By Stanley Lubman, The Wall Street Journal
China’s Communist Party made two major announcements on Tuesday night: The first revealed that former security czar Zhou Yongkang was being investigated for “discipline violations.” The second, related to the first, was that rule of law would be the focus of the party’s annual conclave in October. The reputation and legality of China’s police, courts and prosecutors suffered during Zhou’s tenure as head of the country’s security apparatus. Legal reform plans already put on the table could help China to move past the Zhou era.
Earlier this month, Beijing released a 45-item list of legal reform goals, a significant aim of which is to reduce the influence of local government on local courts. Such an aim may seem modest, but if successful, it would mark an important step in addressing the weakness of rule of law in the country.
In China’s rural counties and municipal districts, the so-called “basic-level” (local) courts are courts of first instance with jurisdiction over civil and criminal cases.
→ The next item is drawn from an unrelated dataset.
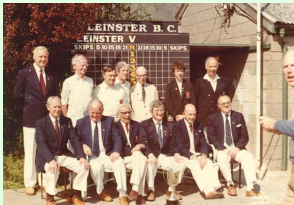
Junior League Winners 1983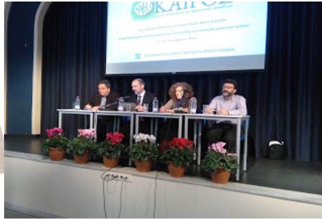
2nd Conference , Athens, November 9-11, 2018

As the official Xinhua news agency has noted, the finances and staffing of such courts are typically managed directly by the local government, “thus local officials can often influence court decisions in their jurisdictions.”
The influence of the local Party on local courts has long been criticized. The Vice-Secretary of the Shanghai Law Society, commenting to Xinhua on the recent launching of a judicial reform pilot project in Shanghai, said : “When the coin bags are held at the hands of the local governments, their independence will be affected, as they are prone to the lobbying of the local officials.”
Proposed reforms aim to reduce this local interference by giving provincial-level judicial bodies the power to nominate judges for the basic-level courts and by financing the lower courts out of provincial budgets.
The idea behind the reform is a good one that could go much to improve the Chinese legal system’s ability to deliver justice. Whether it will work very much remains to be seen.
Local protectionism is a systemic defect in China’s governance that has been difficult to control because it exists from the provincial level on down. It is so pervasive that it is not possible to know how provincial officials will respond to the reform or whether they will encourage or impede lower-level reforms.
Examples abound of provincial-level interference in legal disputes. They are particularly numerous in cases involving illegal land takings, with lower level courts often ruling in favor of the government even when evidence rests overwhelmingly on the side of the original occupants. Such dynamics appear to have played a key role in the famous uprising in the village of Wukan, in Guangdong Province, were locals literally chased Communist Party leaders out of town for illegally selling their land. According to one report, “Villagers started with the courts, moving from low-level county courts, up to provincial courts, and then petitioning government authorities. Some eleven court cases later, after failing to achieve any legal recourse, local citizens took the law into their own hands by taking to the streets.”
Another example of local protectionism, this one outside the courts, recently exposed the ability of provincial power to subvert national law and policy. After resisting repeated calls from Beijing to reduce steel processing capacity and shutdown polluting blast furnaces, officials from Hebei recently produced a video showing 15 blast furnaces in Hebei being blown up. The move was supposed to reduce the province’s annual production of pollutants by almost half. On further inspection, the furnaces that were destroyed turned out to be so obsolete that they were not even counted as contributing to excess capacity; in fact the province’s capacity was not reduced.
The resistance of local governments—both at the provincial level and below– to increased environmental regulation is so great that the last judicial reform plan includes a specific proposal for the establishment of special tribunals for environmental cases. Why? As He Jiaorong, the head of the legal reform office of the Supreme People’s Court, told state-run media, special interests have been “especially pronounced” when it comes to avoiding legal action on environmental grounds.
Because the provincial as well as local governments have been able to resist the impact of national laws and policies, it is reasonable to wonder whether provincial governments—once they receive control over the local courts— will seek to influence the outcomes of legal disputes in the same manner that local governments have done.
The pilot programs are too new to allow conjecture or predictions of how they will enable true law reform and if the judiciary’s adherence to promoting and fulfilling the rule of law might evolve. The principle of ruling China under law is stated in the country’s constitution and has been reaffirmed repeatedly, including by President Xi Jinping, but Party policy remains supreme in practice. The focus on local protectionism is significant because if successful, it could reduce a major obstacle to strengthening the rule of law without directly challenging Party supremacy. No one can expect quick progress on reducing local protectionism, but the fact that there is a stated desire to reduce the links between local governments and the operation of the courts is at least promising.